- HOW TO COMPLETE THIS TASK: Please reproduce exactly, and only, the line containing "for Lymphangitis. Holistic" and every line after it to the end of the records below, leaving out all pictures.

- Recorded data:
*** Block opens ***

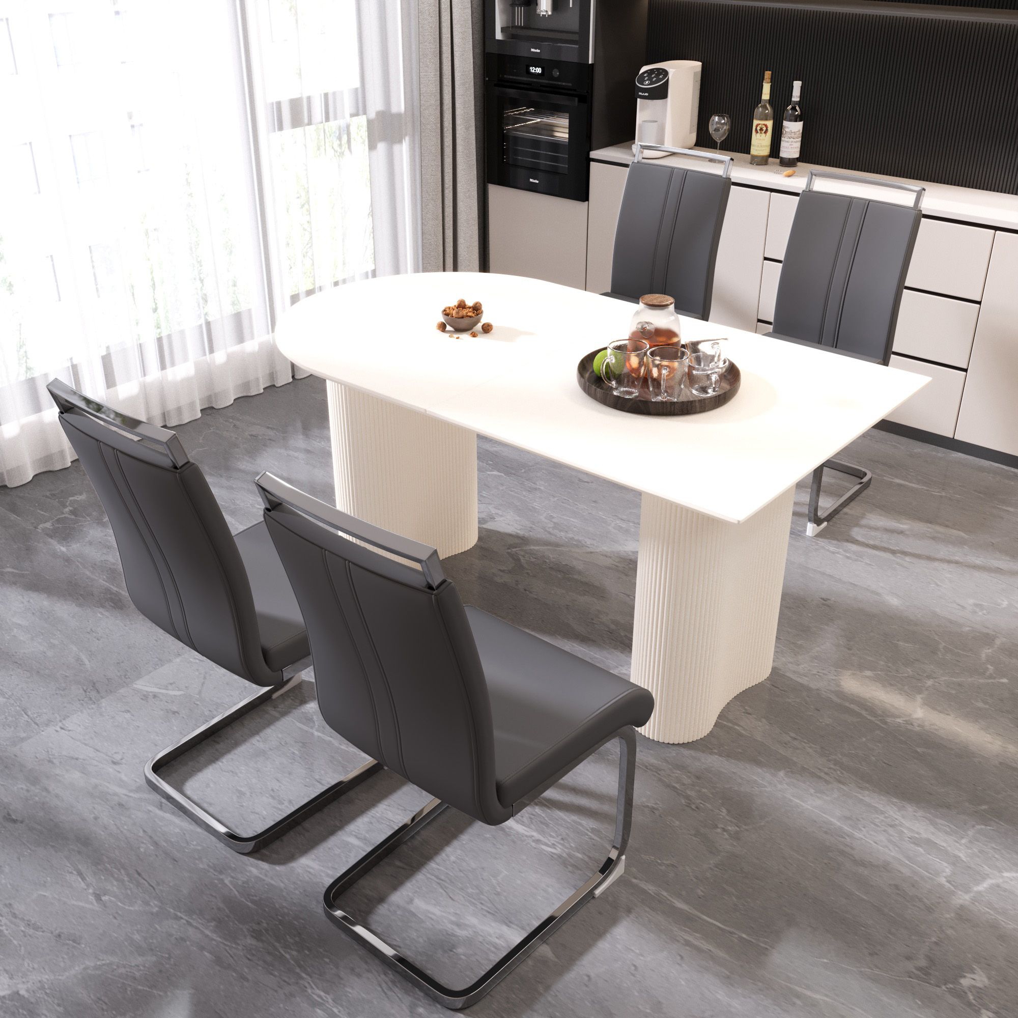 1.5-piece dining table and chair set: A table that can accommodate 4-8 guests for gatherings and four ergonomically designed leather modern style armless dining chairs, creating a fashionable focus for you in the dining area.
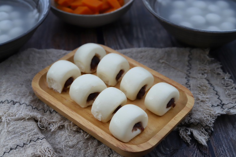 11:按同样的方法,包完剩余的9份面团,而4份小面团没有模具,就直接做成豆沙圆形馒头
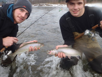 Dec 16 Ariel Kuppers and Justin Lowes hooked 19 Trout and landed 8. They were fishing with a Gibbs http://www.gibbsfishing.com/ Float and the "Kitimat Combo" which is a 3" Berkley http://www.purefishing.com/ Power Bait Worm and a Dew Worm from Bubba's Bait Barn http://www.bubbasbaitbarn.com/ . Ariel also hooked a few with a "Pink Worm" pattern that he had tied. Ariel was using a Dragonfly 9' 8wt Rod with a Dragonfly Expedition Fly Reel made by Redl Sports http://www.redlsports.com/ . He was using a Scientific Angler Sink Tip Fly line and Cortland http://www.rapala.ca/ backing. Both Ariel and Justin were wearing fleece made by Simms http://www.simmsfishing.com/ . Well done guys. Congratulations!
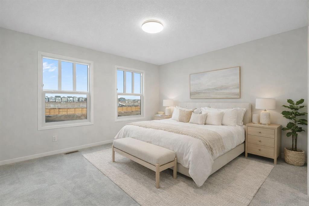 Welcome to a home where fresh beginnings feel natural. Set in Logan Landing, one of southeast Calgary’s newest and most exciting master planned communities, this brand new Cedarglen Homes build offers the kind of thoughtful design that makes everyday living feel elevated and easy. From the moment you step inside, the light draws you in. OVERSIZED WINDOWS pour sunshine across the main floor, creating a bright, open atmosphere that instantly feels welcoming. The heart of the home is a beautifully designed kitchen that balances style and function. Anchored by a large island with quartz countertops and contemporary cabinetry, it is a space made for morning coffees, casual dinners, and conversations that linger. You will have the opportunity to personalize it with a $6,900 APPLIANCE ALLOWANCE through the builder’s supplier, adding your own finishing touch. The kitchen flows seamlessly into the dining and living areas, creating an OPEN CONCEPT layout that keeps everyone connected. Just beyond, the back deck invites summer grilling and quiet evenings under open skies. A practical mudroom and tucked away powder room complete the main floor with intention and ease. Upstairs, the layout continues to impress. Three spacious bedrooms each feature their own WALK IN CLOSETS, a rare detail that keeps daily life organized and clutter free. The primary suite feels calm and refined, with room to unwind at the end of the day. Its spa inspired ensuite offers DOUBLE VANITIES and a glass WALK IN SHOWER, creating a space that feels both functional and indulgent. One of the most thoughtful features is the WALK THROUGH CLOSET connecting directly to the upper level laundry room, simplifying busy mornings in the best possible way. The basement is undeveloped and full of potential. With a SIDE ENTRANCE and a 3 piece rough in, the space is ready for your vision. Whether you imagine a future suite (subject to City approval & permits), a home gym, or a media room for cozy nights in, there is flexibility here to grow with you. Outside, the curb appeal is clean and modern. James Hardie siding paired with stone accents gives the home a timeless presence that stands out while still feeling grounded. In Logan Landing, you are not just buying a home, you are becoming part of a growing community designed around connection. Parks, pathways, shops and other amenities are just minutes away, creating a neighbourhood where convenience and lifestyle come together naturally. If you have been waiting for a home that feels fresh, functional, and full of possibility, this is your moment. Come walk through, feel the light, and picture your life unfolding here. Book your private showing today. *Some photos are virtually staged.
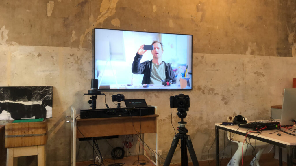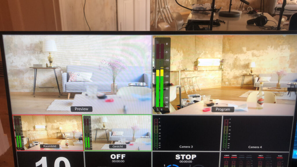 Es ist Samstag vormittag. Um 10.00 Uhr ist der Raum wie abgesprochen vorbereitet. Die Technik ist aufgebaut und wir haben ein paar Croissants von der “Bretagne” für euch übrig gelassen. Heute zeichnet ihr eine besondere Sendung auf: Ihr habt einen Gast vor Ort und ein weiterer ist per Zoom zugeschaltet. Jeder bekommt Mikrofon und Kopfhörer. Unsere erfahrene Technikerin sitzt vor dem Rodecaster Pro Mischpult und sorgt für guten Ton. In der “kleinen Variante” filmen zwei Kameras das Geschehen. Eine filmt die “Totale” und die andere den Gast vor Ort. Der große Wand-TV zeigt den externen Gast per Zoom. Die 3 Bildsignale und das Tonsignal aus dem Rodecaster wandern in das Video-Switchboard, der das ganze entweder Live streamt oder lokal abspeichert. Die Bildregie wird von einem Junior-Techniker gemacht. Er schaut auf das Bild und hat ein weiteres Ohr auf dem Ton. Im Nachgang nimmt sich der Senior die Tonspur mit und mischt den Podcast. Der Junior macht aus der live gemischten Ton- und Videospur einen Film ohne amms und aahs und Wiederholungen. Um 13;00 Uhr ist der Spaß vor Ort vorbei. Meist ist der Pod- und Vodcast fertig gemischt innerhalb von 36 h auf euren Smartphones ….
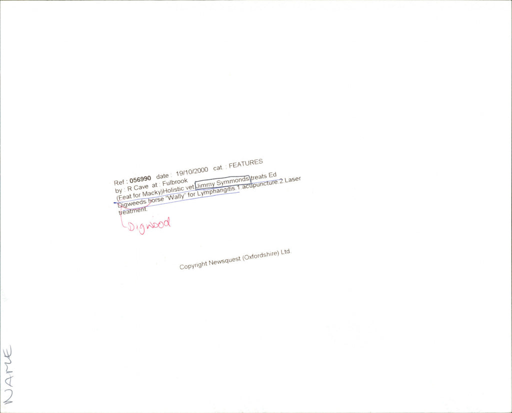 Holistic Vet Jimmy Symmonds treats Ed Digwood horse "Wally" for Lymphangitis. Holistic Vet Jimmy Symmonds treats Ed Digwood horse "Wally" for Lymphangitis.
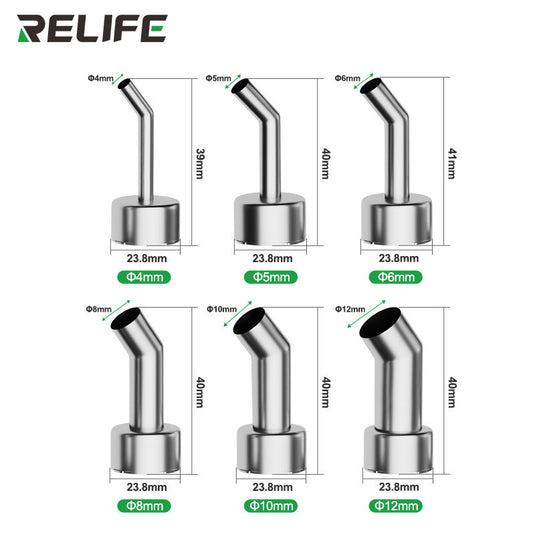 🔧 RELIFE 858 Series 45° Curved Hot Air Nozzle – Stainless Steel, Microscope-Compatible, Leak-Proof Design
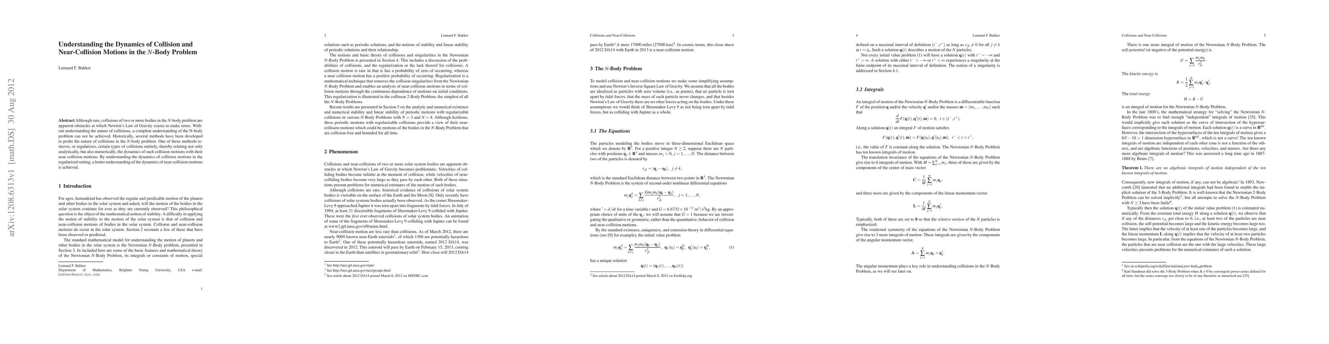 This paper explores the dynamics of collision and near-collision motions in the N-body problem, emphasizing the importance of understanding these phenomena for a complete grasp of gravitational interactions. It investigates methods that regularize collisions to analyze the relationship between collision and near-collision dynamics.

*** Block closes ***

- RESULT FOR THIS EXERCISE:
 Holistic Vet Jimmy Symmonds treats Ed Digwood horse "Wally" for Lymphangitis. Holistic Vet Jimmy Symmonds treats Ed Digwood horse "Wally" for Lymphangitis.
 🔧 RELIFE 858 Series 45° Curved Hot Air Nozzle – Stainless Steel, Microscope-Compatible, Leak-Proof Design
 This paper explores the dynamics of collision and near-collision motions in the N-body problem, emphasizing the importance of understanding these phenomena for a complete grasp of gravitational interactions. It investigates methods that regularize collisions to analyze the relationship between collision and near-collision dynamics.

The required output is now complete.